## YOUR INSTRUCTIONS
Reproduce exactly the lines below, from the first one through the line containing "Second Floor: Primary", and omit any pictures.

## MATERIAL PROVIDED

● ● ● ●

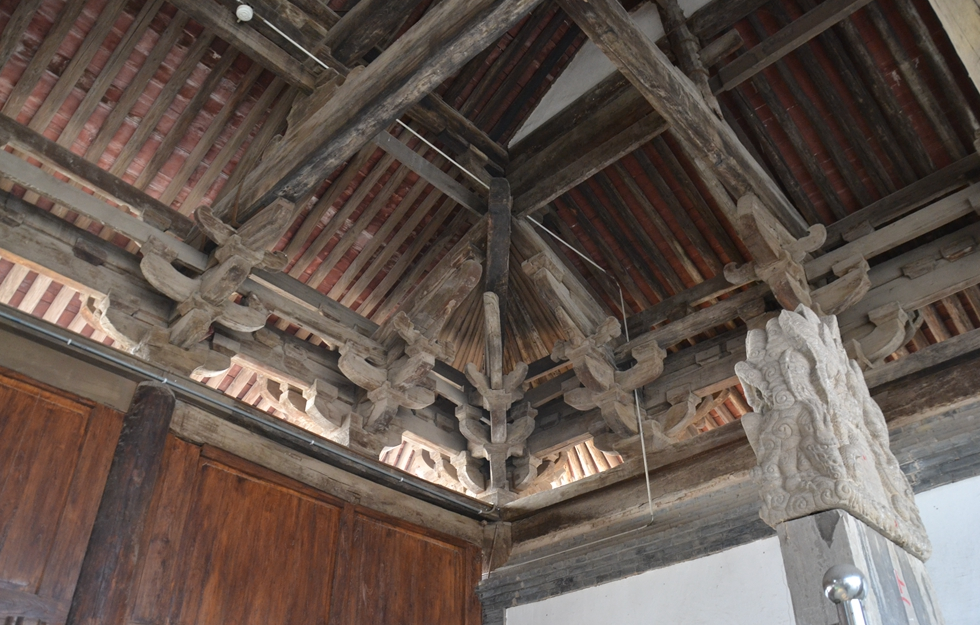 大悲院獻(xiàn)殿面闊三間,進(jìn)深三間,梁架三椽柎對三椽柎,殿內(nèi)用中柱,單檐歇山灰瓦頂。柱頭,補(bǔ)間斗拱五鋪?zhàn)?,琉璃脊剎.吻獸,整體設(shè)計科學(xué),結(jié)構(gòu)嚴(yán)謹(jǐn),對于研究我國宋金時期建筑的結(jié)構(gòu)法式具有很高的科學(xué)價值。
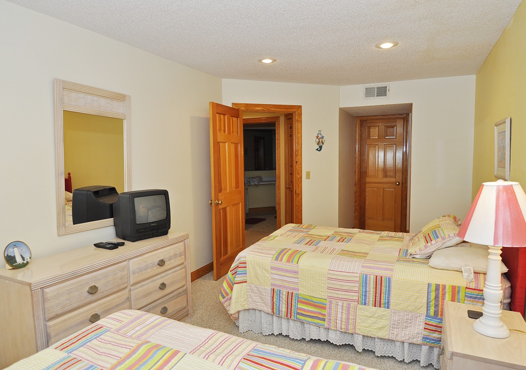 Second Floor: Primary Bedroom with King bed, TV, and Primary Bath with whirlpool tub and separate shower. Bedroom with Queen bed, TV. Bedroom with two Double beds, TV. Hallway Bath with tub/shower.
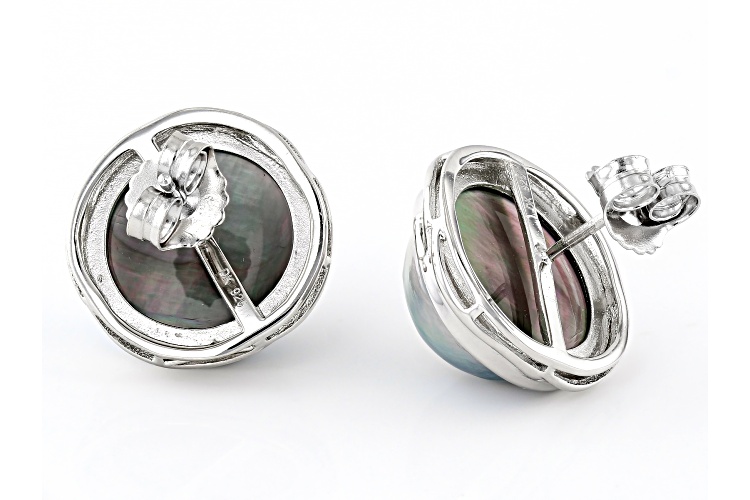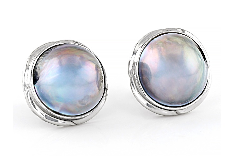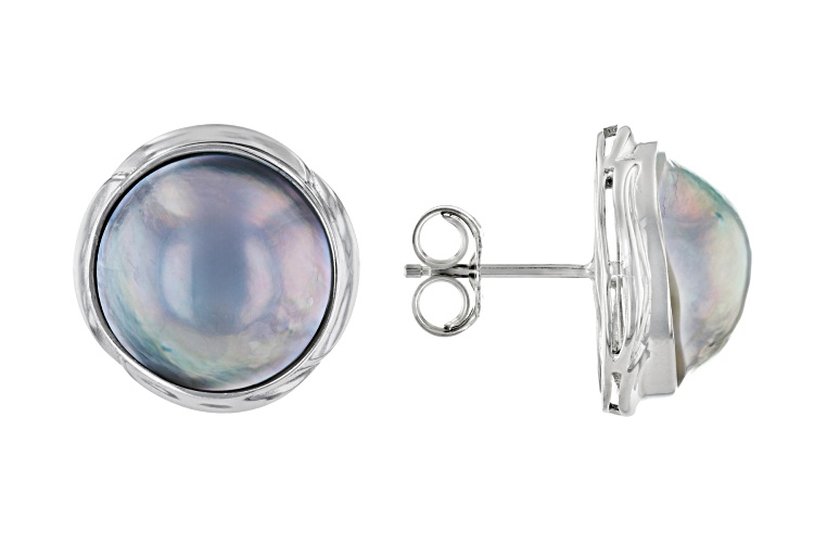 15mm Platinum Cultured South Sea Mabe Pearl Rhodium Over Sterling Silver Stud Earrings. Measure approximately 3/4" L x 3/4" W and have push back backings. Colors, shapes, and sizes may vary.

● ● ● ●

## EXPECTED ANSWER
 大悲院獻(xiàn)殿面闊三間,進(jìn)深三間,梁架三椽柎對三椽柎,殿內(nèi)用中柱,單檐歇山灰瓦頂。柱頭,補(bǔ)間斗拱五鋪?zhàn)?,琉璃脊剎.吻獸,整體設(shè)計科學(xué),結(jié)構(gòu)嚴(yán)謹(jǐn),對于研究我國宋金時期建筑的結(jié)構(gòu)法式具有很高的科學(xué)價值。
 Second Floor: Primary Bedroom with King bed, TV, and Primary Bath with whirlpool tub and separate shower. Bedroom with Queen bed, TV. Bedroom with two Double beds, TV. Hallway Bath with tub/shower.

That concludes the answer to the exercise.